A fitting name for the new European debt instruments likely to revitalise the international borrowing landscape would be Delors bonds, recognising the pioneering role of the former European Commission president in promoting continent-wide integration.
Jacques Delors, who turned 95 on 20 July, headed the Commission in 1985-95, laying the groundwork for the single market and economic and monetary union. He launched grand schemes for ‘trans-European networks’ in transport and infrastructure that may now finally be enacted under the €750bn recovery plan agreed in Brussels on 21 July. After he left office Delors castigated critical flaws in EMU, not least the lack of centralised debt issuance capacity – handicaps that the euro bloc now seems likely, at least in part, to overcome.
The EU is set to become one of Europe’s largest bond issuers in a step that will add significantly to the flow of ‘safe assets’ – much in demand from international investors – when issuance starts probably in early 2021. According to a senior European official, enabling an enhanced international role for the euro is a beneficial side effect of the recovery fund accord reached after four nights of negotiations in Brussels.
A new Commission debt instrument – adding sizably to the €52bn stock of past issues to finance individual country programmes – will replenish future portfolios of European ‘safe assets’. These include bonds from the European Investment Bank, European Stability Mechanism and the German and Dutch governments, which have both borrowed greatly since March to finance pandemic recovery budgets.
Borrowing to finance recovery loans and transfers to hard-hit European countries, heavily geared to promoting ‘greening’ and ‘digitalisation’ in line with ambitious pre-pandemic Commission plans, extend Delors’ vision of 30 years ago. The high point, setting up the Edinburgh growth initiative, was the European summit in the Scottish capital in December 1992. This enacted a slender temporary lending facility of Ecu5bn, denominated in the Commission’s pre-euro accounting unit, devoted to so-called TENs for transport, energy and telecommunications and support for smaller businesses.
The Brussels deal is a landmark for several reasons. The EU for the first time gains access to a real budget that can be used counter-cyclically for stabilisation in future crises. It is not strictly speaking a fiscal union, reflecting the lack of debt mutualisation – still anathema to Germany and other northern countries. But it could become one over time, especially if the EU faces fresh existential upsets.
The north-south divide, although still a feature of the marathon Brussels negotiations, is less pronounced than during the euro area’s 2012-17 sovereign debt crisis. Germany has changed sides, reflecting the influence of Olaf Scholz, the Social Democratic Berlin finance minister, as well as a new-found European spirit from Chancellor Angela Merkel. The northern camp, no longer with Germany as a core supporter, has fractured and – with different concessions made in Brussels to Austria, the Netherlands, Sweden and Denmark – was able to agree a deal on the loans-grant package.

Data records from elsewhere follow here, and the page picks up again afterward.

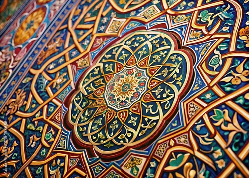 calligraphy, pattern, decorative, design, culture, tradition, spiritual, creativity, aesthetic, abstract, ornate, wallpainting, artwork, heritage, faith, beauty, elegance, typography, middle eastern, symbolism, craftsmanship, unique, contemporary, historical, religious, inspiration, grace, harmony, texture, detail, geometric, spirituality, colourful, intricate, composition, background, print, modern art, artistic, design element
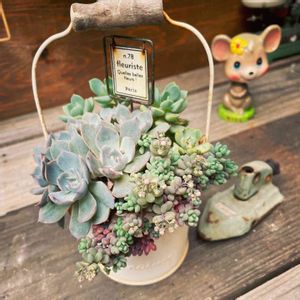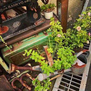 ちまちま寄せの左3つは陶芸体験で作った自作の鉢です。ちまちま寄せをしようと思って作りました。 アテナータを植えてるのはペンキ屋さんに貰ったリアルなペンキ缶です。ペンキの垂れ具合がJunkでお気に入りです。 奥のおひとり様は個性豊かな物が多いので素焼鉢やモスポットでシンプルに植えてます。前に出しゃばってる月花美人がどこまで支えずに前に出てくるのか見守っています。 水色の小さな車輪仲間入りしました。 お気に入りのガラクタガーデンです🥰
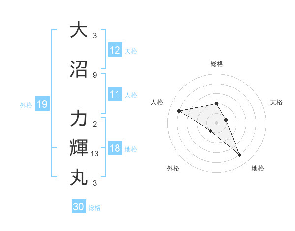 大沼 力輝丸さんの総格は30画の2点!
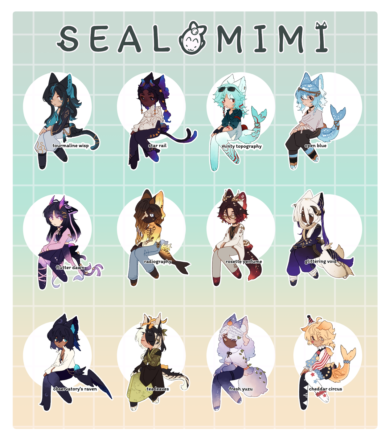 all my adoptable design rules apply to the final design!- all custom designs will be fullbody and flatcolored by default. prices can be discounted if you want less polished art (like a way rougher or uncleaned sketch), but please inquire first.
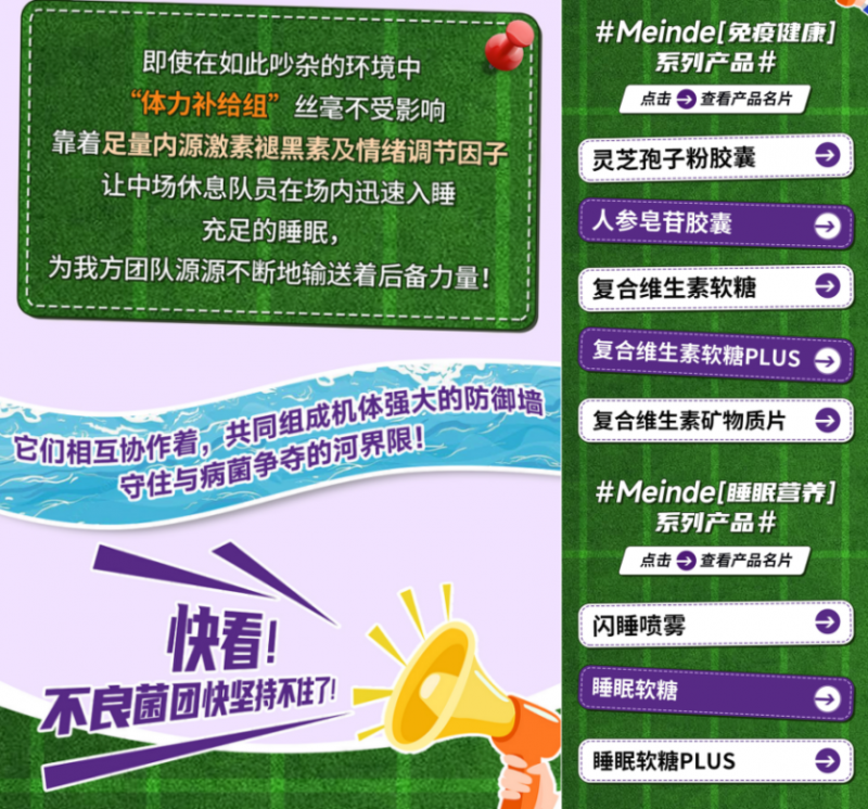 即使在如此吵杂的环境中,“体力补给组”丝毫不受影响,靠着足量内源激素褪黑素及情绪调节因子,让中场休息队员在场内迅速入睡。充足的睡眠,为我方团队源源不断地输送着后备力量!
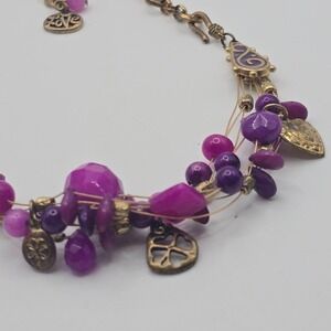 Chicos Purple Beaded Necklace Gold Tone Whimsigoth Boho
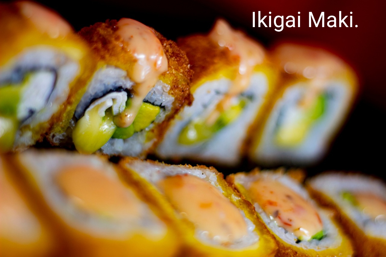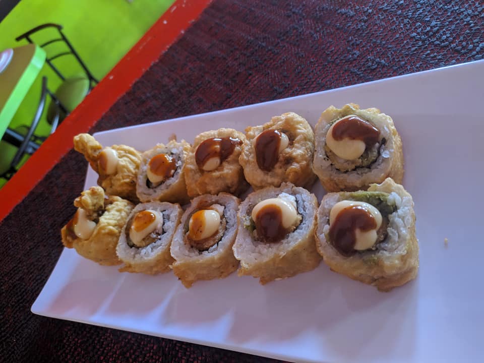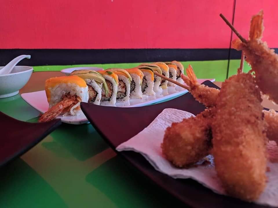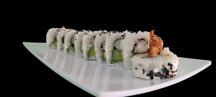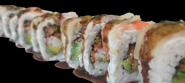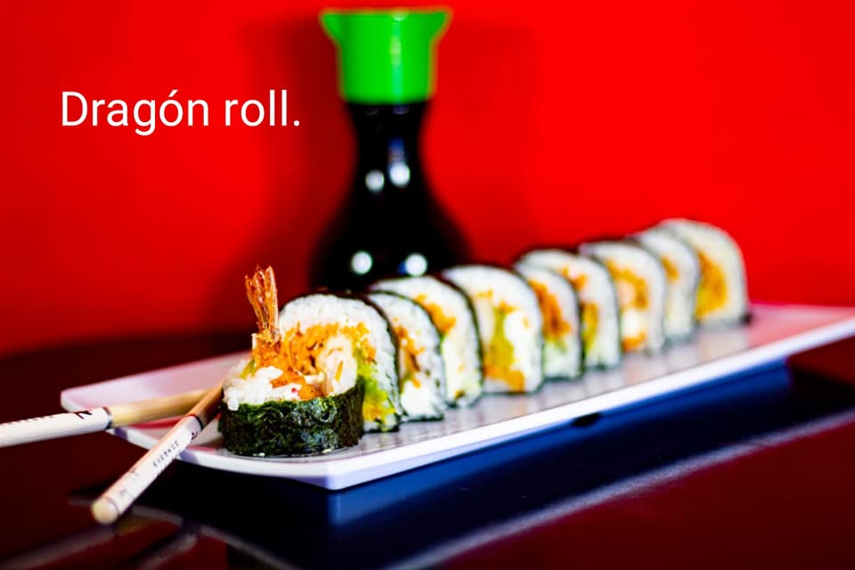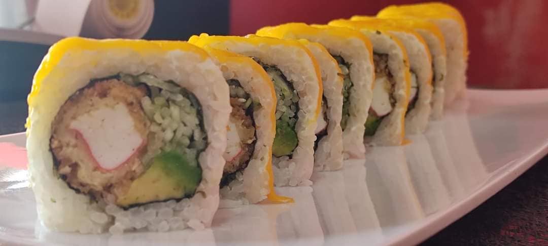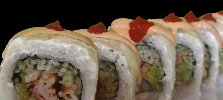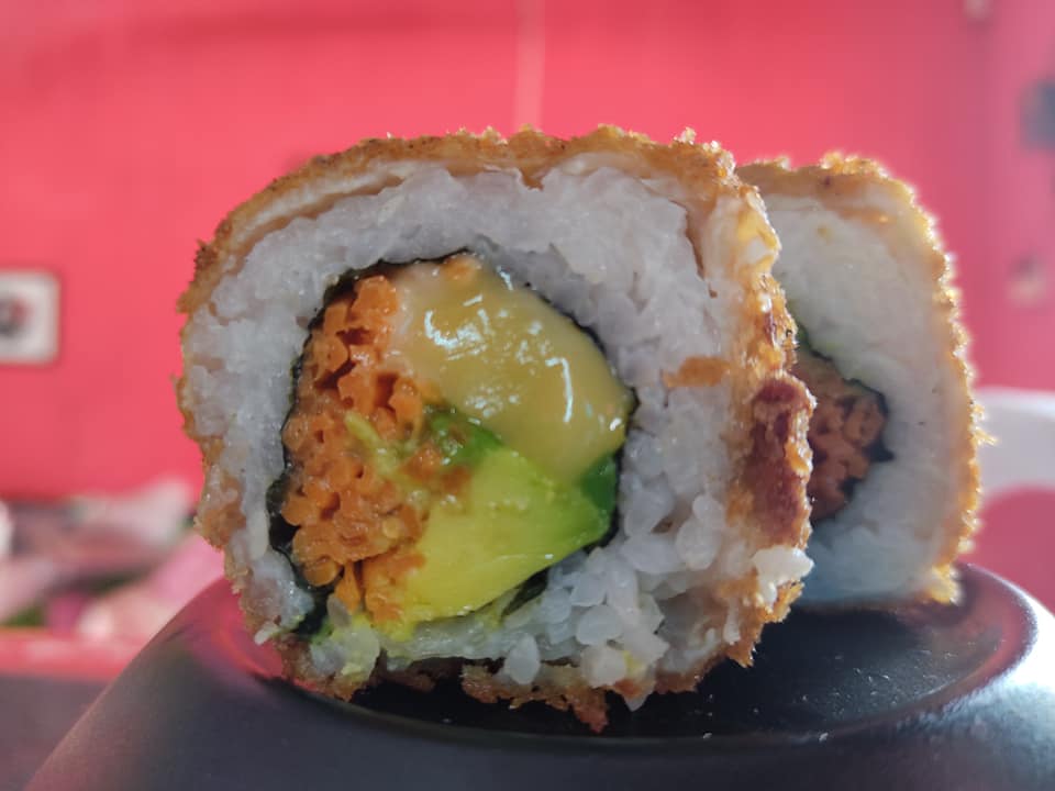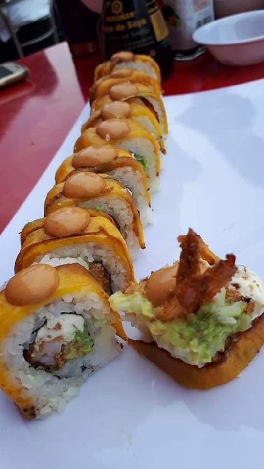 El rollo capeado con camarón empanizado, aguacate, queso crema, aderezo de limón y salsa tamarindo.
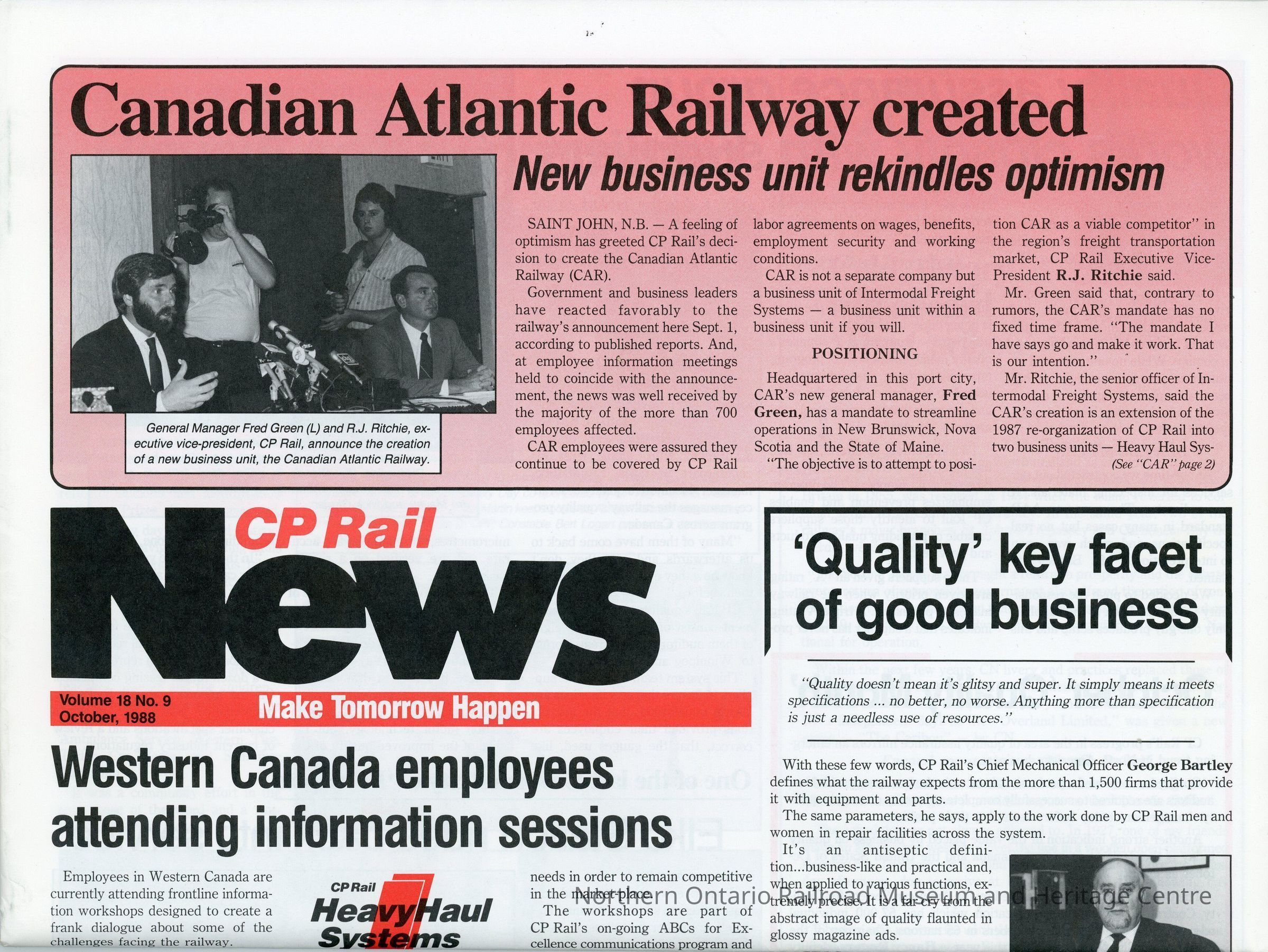 CP Rail News, "Canadian Atlantic Railway created"Collection
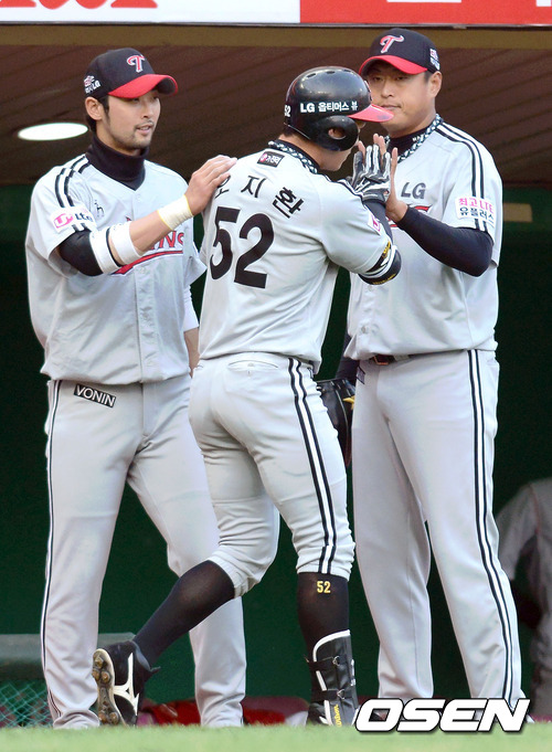 17일 오후 인천 문학야구장에서 열린 '2012 팔도 프로야구' SK 와이번스와 LG 트윈스의 경기 3회초 2사 LG 오지환이 솔로 홈런을 치고 정재복, 서동욱에게 축하를 받고 있다.
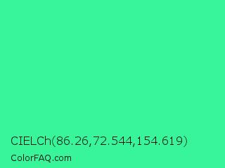 CIELCh 86.26,72.544,154.619 Color is a normal green color and the nearest color is Eucalyptus #44d7a8. Hex code #39f59a and RGB value is rgb(57,245,154). In RGB color space, this color is composed of 22% red, 96% green, 60% blue, In CMYK color space, this color is composed of 77% cyan, 0% magenta, 37% yellow , 4% black , In HSL color space, this color has a hue angle of 151° , 90% saturation and 59% lightness.
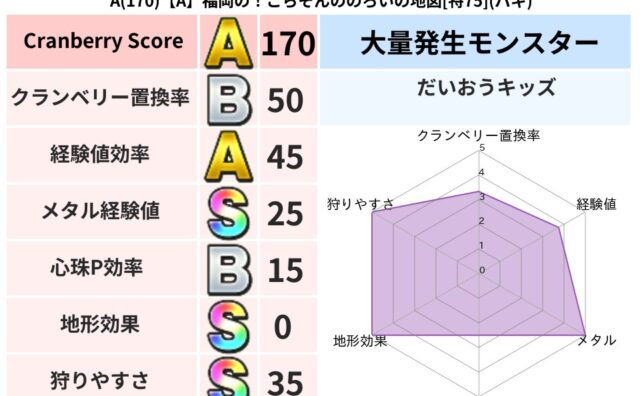 クランベリーボット判定結果の詳細クランベリースコア175クランベリー置換率50%大量発生モンスターだいおうキッズ超耐性バギ(0%)超耐性・弱耐性なしデインこころ道 完全一致モンスターどくろあらいゴッドハンド(守護道Lv5)さまようよろいゴッ...

This plan confirms once again the importance of crisis in driving Europe forward, an idea popularised by Jean Monnet, one of the European Community’s founding fathers in the 1950s, as well as by Delors himself. The Delors plan for EMU, although promulgated before the fall of the Berlin wall in November 1989, was given fresh impetus by the crisis of confidence between France and Germany caused by German unification in 1990.
Without both the pandemic and the UK’s formal departure from the EU on 31 March, the EU would never have moved forward as it has done since April. The absence of the UK in the negotiations has changed Europe’s centre of gravity and allowed the Franco-German couple to regain a leading role.
Supporting the Franco-German consensus behind the recovery fund was the German constitutional verdict on 5 May setting conditions for German participation in European Central Bank’s bond purchases. Although the legal and technical dispute over Bundesbank bond-buying has been settled for the time being, the judgment reminded Merkel of the danger of over-reliance on ECB support purchases together with the overall background of economic shock, this has helped promote long overdue rebalancing of monetary and fiscal policy throughout EMU.
Building the international role of the euro is a traditional French goal to which Germany now gives more support, ‘Delors bonds’ are a safe haven in the making. Even if the common European debt is relatively small (€750bn, 5.7% of the EU-27 GDP) compared to the US treasuries market ($20tn) 93% of US GDP), investor appetite will be strong and attractiveness could grow over time.
Another visionary force behind latest developments is Vítor Constâncio, the Portuguese finance minister and central bank governor who stepped down as ECB deputy president in 2018 lamenting that EMU still was unfinished business. Three months ago in an OMFIF virtual conference Constâncio put forward a plan for the European Commission ‘to raise loans with joint EU liability (Treaty article 122.2) and then finance some crisis-related national expenditures without increasing upfront the debt of member countries.’ Three days after the plan was agreed – although it still requires arduous national ratification procedures in all 27 states – Constâncio reflects on the EU moves in a further OMFIF virtual gathering on 24 July.
David Marsh is Chairman of OMFIF. Didier Borowski is Head of Global Views at Amundi.